(Source data)
++++++++++
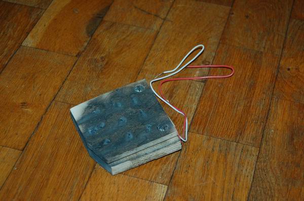 Man sieht rechts unten den Teil der das Schwarzpulver aufnimmt, mit 9 Vertiefungen (für jeden Motor eine) und den Kanälen zur Verbindung der einzelnen Vertiefungen und der Zuleitung für den SN0. Auf der Platte liegen außerdem drei kurze Alurohrstücke, die als Abstandshalter dienen. Die fallen allerdings gerne durch die Gegend, hier gibts Verbesserungsmöglichkeiten. Auf der unsichtbaren Rückseite befinden sich drei Einschlagmuttern, die die Schrauben aufnehmen. Links oben sieht man die Deckplatte, die 9 Bohrungen für die Motoren und drei weitere für die Befestigungsschrauben. Die 9 Flecken stammen von den Abgasstrahlen, die Dose ist wirklich nicht für die Ewigkeit gebaut. Hier sieht man die Dose zusammengebaut. Die abgeschrägte Ecke vorne ist für die Rail. Ich muss die Dose noch um einen Winkel auf der Unterseite ergänzen, der die Zünddose hält und auch mit zwei Railguides ausgestattet ist. So kann man die Dose in die Rail einführen, die Rakete draufsetzen und los gehts. Wichtig ist auch, die Zünddose erst auf der Rampe, wenn die untere Platte fest in der Rampe sitzt, zu befüllen. Ansonsten trifft man zwischendurch zuviele Leute, die "What's this?" fragen, und schon ist das SP rausgefallen. Also ne relativ aufwändige Konstruktion, die nicht lange halten wird, aber sie funktioniert. Kurt Rehberger hat mir auf der Messe noch den Tipp gegeben, dass die Zünddose nach unten wegfallen können sollte, damit die Abgasstrahlen nicht auf das Raketenheck reflektiert werden. Das ist hier natürlich auch nicht gegeben. Oliver |
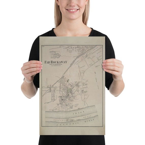 Old Far Rockaway NY Map 1873 Vintage Queens New York Neighborhood
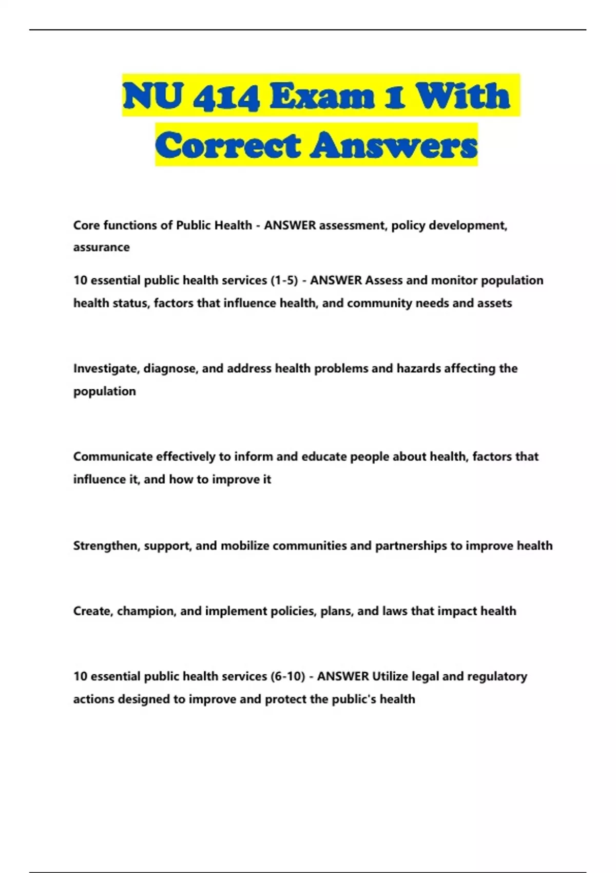 10 essential public health services (1-5) - ANSWER Assess and monitor population
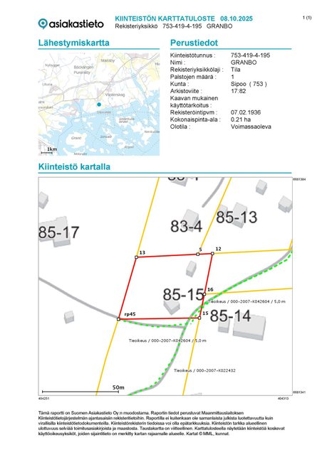 - Alueella on voimassa Sipoon yleiskaava (753-2025) MMLm/4759/423/2012. Kiinteistö sijoittuu yleiskaavassa kyläalueelle (AT). Lisäksi alueella on vireillä Gumbostrand-Västerskogin osayleiskaava. https://www.sipoo.fi/kaavoitus-ja-kehittaminen/yleiskaavoitus-yleiskaavakartta-yleiskaavakartat-kaava-kartalla/vireilla-olevat-yleiskaavat/g-27-gumbostrand-vasterskog-hitan-osayleiskaava/
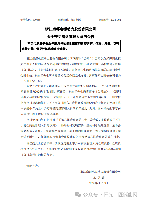 1月9日,南都电源发布公告称,副总经理谢永标因个人原因申请辞去副总经理职务。辞职后将不在公司担任其他职务。经公司总经理提名,董事会提名委员会审核,公司董事会同意聘任总工程师相佳媛为公司副总经理。
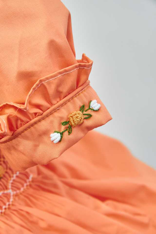 ชุดเดรสเด็กผู้หญิงปักลายดอกไม้ด้วยมือ | เดรสผ้าฝ้ายแขนพองสไตล์บูติก | ชุดเดรสสำหรับเด็กเล็ก ขายส่งแบบ OEM
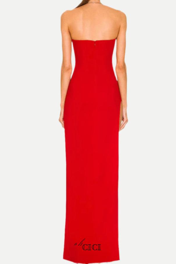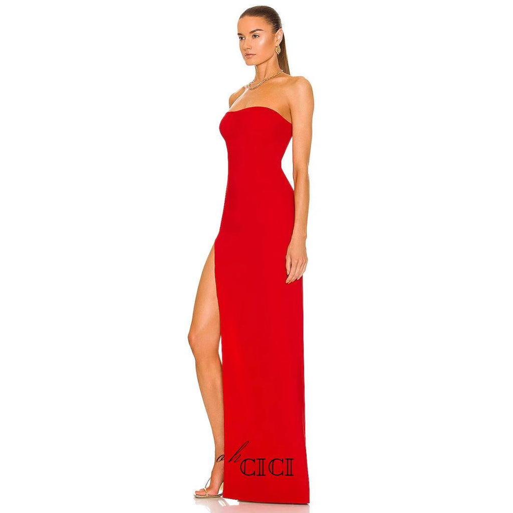 Add a pop of color to your wardrobe with our Tube Slit strapless Gown in red. The strapless design offers a timeless and elegant look, while the slit adds a touch of allure. Perfect for formal events and special occasions, this gown is sure to make a statement.
++++++++++
• [Work required]: From the first line to the last, repeat the records exactly. Leave out the pictures.

• [Answer below]:
 Man sieht rechts unten den Teil der das Schwarzpulver aufnimmt, mit 9 Vertiefungen (für jeden Motor eine) und den Kanälen zur Verbindung der einzelnen Vertiefungen und der Zuleitung für den SN0. Auf der Platte liegen außerdem drei kurze Alurohrstücke, die als Abstandshalter dienen. Die fallen allerdings gerne durch die Gegend, hier gibts Verbesserungsmöglichkeiten. Auf der unsichtbaren Rückseite befinden sich drei Einschlagmuttern, die die Schrauben aufnehmen. Links oben sieht man die Deckplatte, die 9 Bohrungen für die Motoren und drei weitere für die Befestigungsschrauben. Die 9 Flecken stammen von den Abgasstrahlen, die Dose ist wirklich nicht für die Ewigkeit gebaut. Hier sieht man die Dose zusammengebaut. Die abgeschrägte Ecke vorne ist für die Rail. Ich muss die Dose noch um einen Winkel auf der Unterseite ergänzen, der die Zünddose hält und auch mit zwei Railguides ausgestattet ist. So kann man die Dose in die Rail einführen, die Rakete draufsetzen und los gehts. Wichtig ist auch, die Zünddose erst auf der Rampe, wenn die untere Platte fest in der Rampe sitzt, zu befüllen. Ansonsten trifft man zwischendurch zuviele Leute, die "What's this?" fragen, und schon ist das SP rausgefallen. Also ne relativ aufwändige Konstruktion, die nicht lange halten wird, aber sie funktioniert. Kurt Rehberger hat mir auf der Messe noch den Tipp gegeben, dass die Zünddose nach unten wegfallen können sollte, damit die Abgasstrahlen nicht auf das Raketenheck reflektiert werden. Das ist hier natürlich auch nicht gegeben. Oliver |
 Old Far Rockaway NY Map 1873 Vintage Queens New York Neighborhood
 10 essential public health services (1-5) - ANSWER Assess and monitor population
 - Alueella on voimassa Sipoon yleiskaava (753-2025) MMLm/4759/423/2012. Kiinteistö sijoittuu yleiskaavassa kyläalueelle (AT). Lisäksi alueella on vireillä Gumbostrand-Västerskogin osayleiskaava. https://www.sipoo.fi/kaavoitus-ja-kehittaminen/yleiskaavoitus-yleiskaavakartta-yleiskaavakartat-kaava-kartalla/vireilla-olevat-yleiskaavat/g-27-gumbostrand-vasterskog-hitan-osayleiskaava/
 1月9日,南都电源发布公告称,副总经理谢永标因个人原因申请辞去副总经理职务。辞职后将不在公司担任其他职务。经公司总经理提名,董事会提名委员会审核,公司董事会同意聘任总工程师相佳媛为公司副总经理。
 ชุดเดรสเด็กผู้หญิงปักลายดอกไม้ด้วยมือ | เดรสผ้าฝ้ายแขนพองสไตล์บูติก | ชุดเดรสสำหรับเด็กเล็ก ขายส่งแบบ OEM
 Add a pop of color to your wardrobe with our Tube Slit strapless Gown in red. The strapless design offers a timeless and elegant look, while the slit adds a touch of allure. Perfect for formal events and special occasions, this gown is sure to make a statement.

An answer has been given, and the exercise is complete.